Xi’s words and deeds make it plain that his aim is global hegemony, with China replacing America in setting the international order. Behind CCP platitudes about China’s “dream of national rejuvenation” by the middle of this century lurks the reality of tianxia (all under heaven), a Sinocentric throwback to China’s ancient past, with the “Middle Kingdom” at the center of global power surrounded by vassals and client states. Xi embraces this archaic ideology as a replacement for the “rules-based international order.” He has stated tianxia as his goal many times. In 2017, he cited it as a “common destiny for mankind.”
Like Putin’s pseudo-historical fantasies about “Holy Rus,” Xi’s ramblings about tianxia are for domestic consumption. But he is saying what he believes. America’s “Manifest Destiny” is two centuries old. China’s asserted destiny reaches back millennia. Xi rejects partnership with the West, which he sees as decadent and in an advanced state of collapse. He wants China to reestablish its place “under heaven,” overseeing a new world order where authoritarian regimes are the norm and Beijing gets the respect — and unchallenged rule over much of Asia, which China sees as its geographic and ancestral right.
It’s difficult to overstate the magnitude of the Chinese spy offensive that Xi has put in place against the West.
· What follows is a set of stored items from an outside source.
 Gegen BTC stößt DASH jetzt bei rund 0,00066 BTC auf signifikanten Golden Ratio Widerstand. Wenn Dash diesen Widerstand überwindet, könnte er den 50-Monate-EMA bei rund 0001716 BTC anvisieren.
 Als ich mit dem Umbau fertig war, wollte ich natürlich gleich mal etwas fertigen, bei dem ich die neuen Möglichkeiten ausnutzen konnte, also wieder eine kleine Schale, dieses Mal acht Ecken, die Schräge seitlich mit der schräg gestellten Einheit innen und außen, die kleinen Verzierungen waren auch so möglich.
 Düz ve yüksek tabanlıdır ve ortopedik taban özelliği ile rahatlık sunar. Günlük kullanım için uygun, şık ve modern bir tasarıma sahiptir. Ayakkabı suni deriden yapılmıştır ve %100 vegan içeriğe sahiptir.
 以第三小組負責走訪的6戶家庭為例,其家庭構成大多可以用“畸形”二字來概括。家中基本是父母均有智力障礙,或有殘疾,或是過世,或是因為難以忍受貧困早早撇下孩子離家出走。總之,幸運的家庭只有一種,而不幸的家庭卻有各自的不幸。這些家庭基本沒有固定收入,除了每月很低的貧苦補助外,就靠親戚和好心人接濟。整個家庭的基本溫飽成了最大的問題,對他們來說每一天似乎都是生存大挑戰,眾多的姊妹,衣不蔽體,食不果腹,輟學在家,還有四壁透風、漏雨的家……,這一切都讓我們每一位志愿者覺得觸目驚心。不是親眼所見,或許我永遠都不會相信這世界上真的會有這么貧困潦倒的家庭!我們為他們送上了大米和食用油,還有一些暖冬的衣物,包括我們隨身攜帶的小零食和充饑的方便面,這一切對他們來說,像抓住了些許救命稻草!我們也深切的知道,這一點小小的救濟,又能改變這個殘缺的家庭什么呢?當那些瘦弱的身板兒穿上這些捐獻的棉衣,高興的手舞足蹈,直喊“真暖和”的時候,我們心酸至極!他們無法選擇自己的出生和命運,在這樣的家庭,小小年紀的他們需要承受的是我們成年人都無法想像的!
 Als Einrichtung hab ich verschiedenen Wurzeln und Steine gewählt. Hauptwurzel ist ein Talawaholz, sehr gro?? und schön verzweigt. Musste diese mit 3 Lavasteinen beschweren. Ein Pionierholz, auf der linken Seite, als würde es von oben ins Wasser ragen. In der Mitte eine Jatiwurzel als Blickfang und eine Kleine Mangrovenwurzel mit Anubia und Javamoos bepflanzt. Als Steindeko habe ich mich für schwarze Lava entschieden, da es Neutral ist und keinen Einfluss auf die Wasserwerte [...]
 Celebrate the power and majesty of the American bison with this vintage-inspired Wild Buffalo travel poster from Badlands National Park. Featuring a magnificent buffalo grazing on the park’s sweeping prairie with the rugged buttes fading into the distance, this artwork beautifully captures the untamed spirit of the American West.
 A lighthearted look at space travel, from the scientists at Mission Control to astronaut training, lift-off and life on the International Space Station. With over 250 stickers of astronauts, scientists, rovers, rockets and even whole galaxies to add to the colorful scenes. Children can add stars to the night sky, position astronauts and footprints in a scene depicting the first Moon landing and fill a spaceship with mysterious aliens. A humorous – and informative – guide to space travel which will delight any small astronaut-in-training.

It is engaged in a full-spectrum clandestine assault that FBI Director Christopher Wray in 2020 declared was “the greatest long-term threat” to America’s future, dwarfing all other security concerns. “The FBI is now opening a new China-related counterintelligence case every 10 hours,” Wray explained, adding that “of the nearly 5,000 active counterintelligence cases currently underway across the country, almost half are related to China.”
Few in Washington’s secret corridors of power doubt that an increasingly aggressive China will act in the second half of this decade in ways that run the serious risk of all-out war. Xi has perhaps a decade of rule left in him before age takes its toll. The clock is ticking, and Xi’s desire to reunite Taiwan with the mainland is not in doubt.
In his dozen years in nearly complete control of China, Xi has exploded all illusions that the most populous nation on Earth, and its second biggest economy, can be regarded as any kind of partner for the future. He has allied himself with the world’s pariahs, including Russia, Iran, and North Korea, and some of its lesser nuisances and has detached itself from rule-of-law liberal democracies, which it now confronts. It has emerged as a threat comparable to or greater than was posed by the Soviet Union in the Cold War. It is as implacable an enemy of our nation and values, and it is increasingly well armed. It also has much more ability to seduce the West, for it is the supplier of goods that ordinary people want. The Soviet Union had nothing but strength on its side. China under Xi has strength and subtlety — and inducements to nations everywhere to prefer its patronage over America’s. Xi is responsible for this. He would like to get all the credit. He should certainly get the blame.